In Brief

6 June 2013

China Studying Prospect of Joining TPP Talks, Ministry Says

China is analysing the advantages and disadvantages of joining the Trans-Pacific Partnership (TPP) Agreement, according to a statement released last week by the country's Ministry of Commerce. The announcement comes just over a month after Japan was invited to join the 11-country group currently negotiating the pact. (See Bridges Weekly, 25 April 2013)

Should Beijing eventually seek membership in the pact, all current members would have to sign off on China's entry. While many analysts have suggested that the TPP is being developed to help respond to the Asian economy's growing trade prowess, members have repeatedly said that Beijing is not being pre-emptively blocked from the talks. TPP countries welcome "any nation willing to meet the 21st century standards of the TPP - including China," then-US Secretary of State Hillary Clinton said last November.

Members have said that the TPP could serve as a template for a wider agreement that would encompass all 21 countries of the Asia-Pacific Economic Cooperation (APEC) Forum.  China is currently involved in another process with 15 other countries - including some TPP members - to negotiate a Regional Comprehensive Economic Partnership, with a similar goal.

Current TPP members are aiming to bring the talks to a close by the end of this year, though trade observers have suggested that the process could drag out until early 2014.

ICTSD reporting; "China to study possibility of joining U.S.-led trade talks," REUTERS, 30 May 2013; "China to study joining U.S.-led trade accord after Japan added," BLOOMBERG, 30 May 2013.

Canada, EU Aim for June Agreement

Negotiations between the EU and Canada for a bilateral pact are in their final stage after almost four years of negotiations, officials said last week. The completion date for the agreement has been pushed back several times due to differences on issues such as public procurement, Canadian access to the EU's beef market, and intellectual property issues regarding pharmaceuticals.

Rumours have surfaced that the two sides are considering announcing an agreement "in principle" later this month, even if the full agreement has not been clinched by that time. The rush to conclude the Canadian-EU Agreement by June comes as Brussels prepares to shift its focus to the formal launch of its planned negotiations with Washington, which is expected in time for this month's G-8 summit in Northern Ireland.

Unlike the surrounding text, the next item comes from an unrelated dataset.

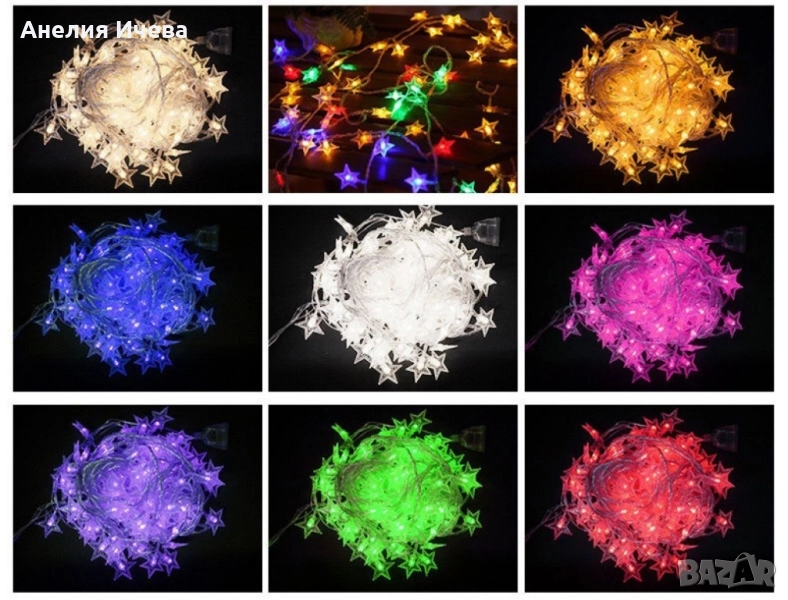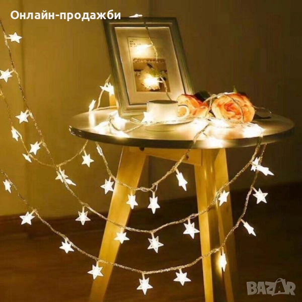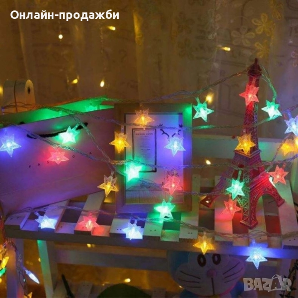 Светещи Коледни LED лампички със звездички → Обява 51982776

ICTSD reporting; "Canada and EU down to final issues in trade talks," CBC NEWS, 31 May 2013; "Canada-EU trade talks at crucial stage," THE GLOBE AND MAIL, 31 May 2013; "Canada Finance Minister: Canada-EU Free Trade Discussions ‘at very serious level'," WALL STREET JOURNAL, 13 May 2013.

EU Officials Warn of Possible WTO Complaint Against Russia

EU officials warned last week that they are considering lodging a WTO complaint against Russia this summer, in what would - if launched - mark Moscow's first dispute at the global trade arbiter since its 2012 accession.

The proposed complaint would target a Russian law that imposes an "utilisation fee" of five percent of the sale price on foreign manufacturers in order to cover the cost of recycling cars and imported agricultural machinery. Domestic producers, however, are not required to pay the duty.

The law "clashes with the most basic WTO rules," EU Trade Commissioner Karel De Gucht has said. EU officials reportedly plan to discuss the subject during next week's bilateral summit in Yekaterinburg, though Russian Ambassador Vladimir Chizhov has called it a "non-issue" given Moscow's plans to address the subject domestically.

Russian authorities were warned earlier this year that Brussels would start proceedings by 1 July if Moscow did not change the law. While Russia submitted a bill to its State Duma last Friday that, if passed, would apply the fee indiscriminately towards domestic and foreign manufacturers, EU officials have said that the law must be approved by their deadline in order for Brussels to abandon plans to file a dispute.

The explanatory note attached to the Russian legislation notes that the bill is geared toward reconciling domestic law with the country's WTO commitments, in order to avoid potential disputes at the organisation. (See Mosty, 31 May 2013)

ICTSD reporting; "Russia faces WTO Action over Auto Scrap Tax," THE WALL STREET JOURNAL, 1 June 2013.